Creates solver variable for cpmpy variable or returns from cache if previously created or returns a constant if the variable is a constant

solver_vars(cpm_vars: Iterable[Expression | int | integer | bool]) → list[Any]

Like solver_var() but for arbitrary shaped lists/tensors

Can not inherit from parent because ‘int’ needs special treatment

status()

static supported()

Check for support in current system setup.
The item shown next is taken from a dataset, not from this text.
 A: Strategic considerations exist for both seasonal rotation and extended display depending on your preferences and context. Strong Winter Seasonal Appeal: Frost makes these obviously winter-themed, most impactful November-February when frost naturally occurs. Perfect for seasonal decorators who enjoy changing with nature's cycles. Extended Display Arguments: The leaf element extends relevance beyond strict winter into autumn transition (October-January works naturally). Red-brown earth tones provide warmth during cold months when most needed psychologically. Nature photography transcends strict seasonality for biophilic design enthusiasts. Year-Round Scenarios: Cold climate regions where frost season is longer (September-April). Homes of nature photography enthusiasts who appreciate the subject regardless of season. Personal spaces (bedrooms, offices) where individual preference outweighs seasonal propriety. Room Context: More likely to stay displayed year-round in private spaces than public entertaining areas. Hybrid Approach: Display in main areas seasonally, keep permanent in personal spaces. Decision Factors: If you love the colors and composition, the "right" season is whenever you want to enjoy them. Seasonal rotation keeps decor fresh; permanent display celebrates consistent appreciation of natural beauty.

Return True if the system has package installed or supports solver, else returns False.

Returns:

Solver support by current system setup.

Return type:

[bool]

supported_global_constraints: frozenset[str] = frozenset({'abs', 'alldifferent', 'circuit', 'count', 'div', 'element', 'inverse', 'max', 'min', 'mod', 'mul', 'negative_table', 'nvalue', 'pow', 'table', 'xor'})

supported_reified_global_constraints: frozenset[str] = frozenset({})

transform(cpm_expr: Expression | bool | bool | Sequence[Expression | bool | bool | Sequence[NestedBoolExprLike] | ndarray] | ndarray) → list[Expression]

Transform arbitrary CPMpy expressions to constraints the solver supports

Implemented through chaining multiple solver-independent transformation functions from the cpmpy/transformations/ directory.

See the Adding a new solver docs on readthedocs for more information.

Parameters:

cpm_expr (NestedBoolExprLike) – CPMpy expression, or list thereof

Returns:

transformed constraints

Return type:

list[Expression]

verify(name=None, location='.', time_limit=None, display_output=False, veripb_args=[])

Verify a solver-produced proof using VeriPB.

Requires that the ‘veripb’ tool is installed and on system path. See https://gitlab.com/MIAOresearch/software/VeriPB#installation for installation instructions.

Parameters:

• name (-) – name for the the proof files (default to self.proof_name)

• location (-) – location for the proof files (default to current working directory).

• time_limit (-) – time limit for verification (ignored if verify=False)

• veripb_args (-) – list of command line arguments to pass to veripb e.g. --trace --useColor (run veripb --help for a full list)

• display_output (-) – whether to print the output from VeriPB

static version() → str | None

Returns the installed version of the solver’s Python API.